Johann Joseph Abert
Ein musikalisches Portrait

Ars Produktion 38 679
1 CD • 69min • 2004, 2005, 2017, 2023
07.05.2025
Künstlerische Qualität:
Klangqualität:
Gesamteindruck:
Mit dem Namen Abert verbindet der gebildete Musikfreund zwei bedeutende Musikwissenschaftler, Hermann und Anna Amalie. Deren Vater und Großvater, Johann Joseph (1832-1915), zu seiner Zeit ein erfolgreicher Dirigent und Komponist, ist dagegen kaum mehr ein Begriff. Seine Oper Ekkehard nach dem Roman Victor von Scheffels (1878) wurde zwar vor einem Vierteljahrhundert in Bad Urach wiederentdeckt und bei Capriccio als CD veröffentlicht (die heute als frühes Tondokument der späteren Weltstars Jonas Kaufmann und Christian Gerhaher geschätzt wird), doch fand sie danach keinen Eingang ins Repertoire. Der vom SWR und dem Label Ars Produktion gemeinsam unternommene Versuch, Abert mit einem Komponisten-Portrait zu ehren, füllt in jedem Fall eine diskographische Lücke.
Aufstieg und Vergessen
In Böhmen geboren und in Prag ausgebildet, fand Abert seinen Wirkungskreis in Stuttgart, erst als Kontrabassist im Orchester, später als Musikdirektor und schließlich durch die Protektion der einflussreichen Pauline Viardot als Hofkapellmeister. Schon in seiner Studienzeit hatte er mit dem Komponieren begonnen und war dann in seinen Stuttgarter Jahren auch in dieser Hinsicht sehr intensiv tätig, wobei der Schwerpunkt auf dem Gebiet der Oper lag. Abert pflegte Kontakte zu den Dichtern Ludwig Uhland und Eduard Mörike, mit dem wesentlich älteren Justinus Kerner und dessen ebenfalls dichtenden Sohn Theobald war er befreundet. Bei einem mehrmonatigen Studienaufenthalt in Paris machte Abert Bekanntschaft mit den Größen der französischen Oper, ebenso mit Gioacchino Rossini und Richard Wagner, auch bei der skandalumwitterten Tannhäuser-Premiere war er dabei. In den 1870er Jahren wurde er dann zu einer festen Größe im Musikbetrieb, dessen Werke von führenden Verlagen wie Breitkopf & Härtel und Schott vertrieben wurden. Doch gegen Ende des Jahrhunderts begann sein Ruhm zu verblassen, und als er mit 82 Jahren starb, war er so gut wie vergessen.

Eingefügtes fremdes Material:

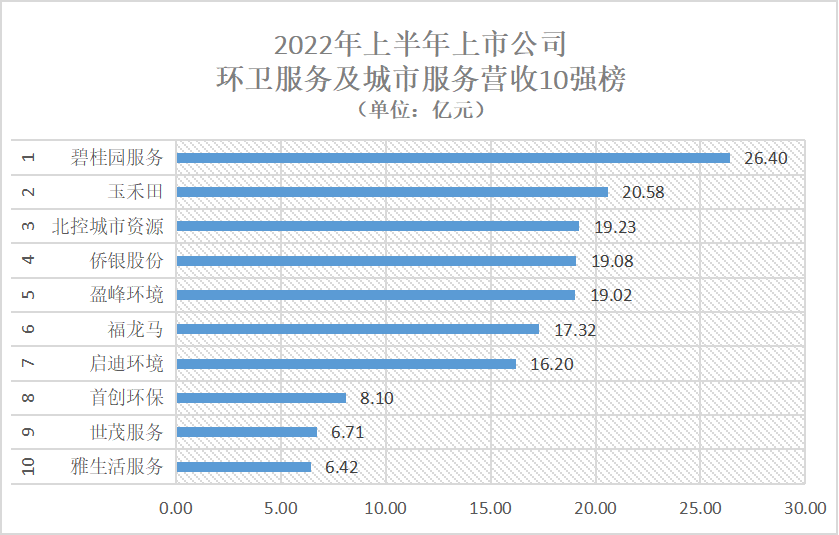 保利物業(yè)、恒大物業(yè)、建業(yè)新生活、金科服務(wù)、粵豐環(huán)保、招商積余、中創(chuàng)環(huán)保、旺能環(huán)境、光大環(huán)境、博世科、城發(fā)環(huán)境等11家上市公司未公布上半年“環(huán)衛(wèi)服務(wù)”或“城市服務(wù)”營(yíng)收數(shù)據(jù)。其中,碧桂園服務(wù)、玉禾田、北控城市資源、僑銀股份、盈峰環(huán)境、福龍馬、啟迪環(huán)境、首創(chuàng)環(huán)保、世茂服務(wù)、雅生活服務(wù)等10家上市公司進(jìn)入...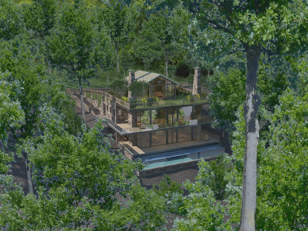 This project is located in a century-old community established as a summer retreat. Original cottages, averaging only 750 SF, were designed in the picturesque Adirondack rustic style employing green, horizontal siding, rustic locust post porches, railings and architectural ornament – all prescribed by design covenant. The design solution sinks the bulk of the new house into the steep grade under a green roof. From the approach, all that is visible is a small, iconic, pavilion about the size of an original cottage functioning as entrance to the house below and as a garden pavilion overlooking the landscaped green roof and river views. Overall the design incorporates the latest developments in energy efficient design.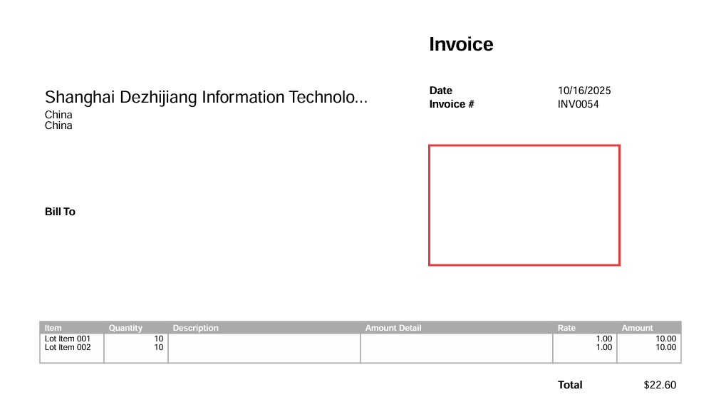 我们用鼠标选中Body Fields部分,然后将Width和Height的数字都调整为0,该位置原本的图标将显示为一个小点,这样再预览Invoice时就可以看到,原本的字段们就消失了。

Querschnitt durch das Schaffen
Von seinen Bühnenwerken hatte neben dem seinerzeit vielgespielten Ekkehard die 1866 in Stuttgart uraufgeführte romantische Oper Astorga den größten Erfolg. Sie behandelt eine historisch nicht verbürgte Episode aus dem abenteuerlichen Leben des sizilianischen Komponisten Emanuele Astorga (1680-1755), dessen Stabat mater (das in der Oper kurz zitiert wird) noch heute gelegentlich aufgeführt wird. Astorga liebt Eleonore, die Frau seines Todfeindes Balbaces, und wird seinerseits von seiner hochbegabten Schülerin Angioletta heimlich geliebt, was genügend opernfähiges Konfliktpotential bietet. Sofern man das aus den drei vorliegenden, lediglich klavierbegleiteten Ausschnitten schließen kann, steht Abert hier in der Tradition Webers und der romantischen Opern Wagners. Seine über zwei Dutzend Lieder, von denen das Album etwa die Hälfte enthält, gewinnen gegenüber den Arbeiten großer Zeitgenossen wie Johannes Brahms kaum individuelles Profil. Melodisch eingängig, bleiben sie in der Klavierbegleitung relativ konventionell. Von den sieben Symphonien, die Abert zwischen 1852-1894 komponiert hat, ist hier der dritte Satz der vierten (mit dem programmatischen Titel Columbus. Musikalisches Seegemälde in Form einer Sinfonie) in einem zeitgenössischen Klavier-Arrangement zu hören, das keine Rückschlüsse auf Aberts Instrumentierungskünste zulässt. Den stärksten musikalischen Eindruck hinterlässt in dieser Sammlung das Streichquartett A-Dur, von dem leider nur zwei Sätze gespielt werden, darunter das originelle Scherzo.
Gepflegtes Niveau
Das von Joachim Draheim konzipierte und kommentierte Komponisten-Portrait ist offenbar in zwei Etappen entstanden. Die Hälfte der Titel wurde schon vor zwanzig Jahren aufgenommen, der Rest in jüngster Zeit, ohne dass sich im Darstellungsstil Brüche ergeben. Die Instrumentalisten können sich dabei mehr profilieren als die Sänger, die durchweg gepflegtes Stadttheater-Niveau halten. Die Soubrette Larissa Wäspy, die einen Teil der Lieder und die Opern-Ausschnitte gestaltet, verfügt naturgemäß nicht über den stimmlichen Farbenreichtum, um die beiden gegensätzlichen Frauenrollen in Astorga deutlich voneinander abzusetzen.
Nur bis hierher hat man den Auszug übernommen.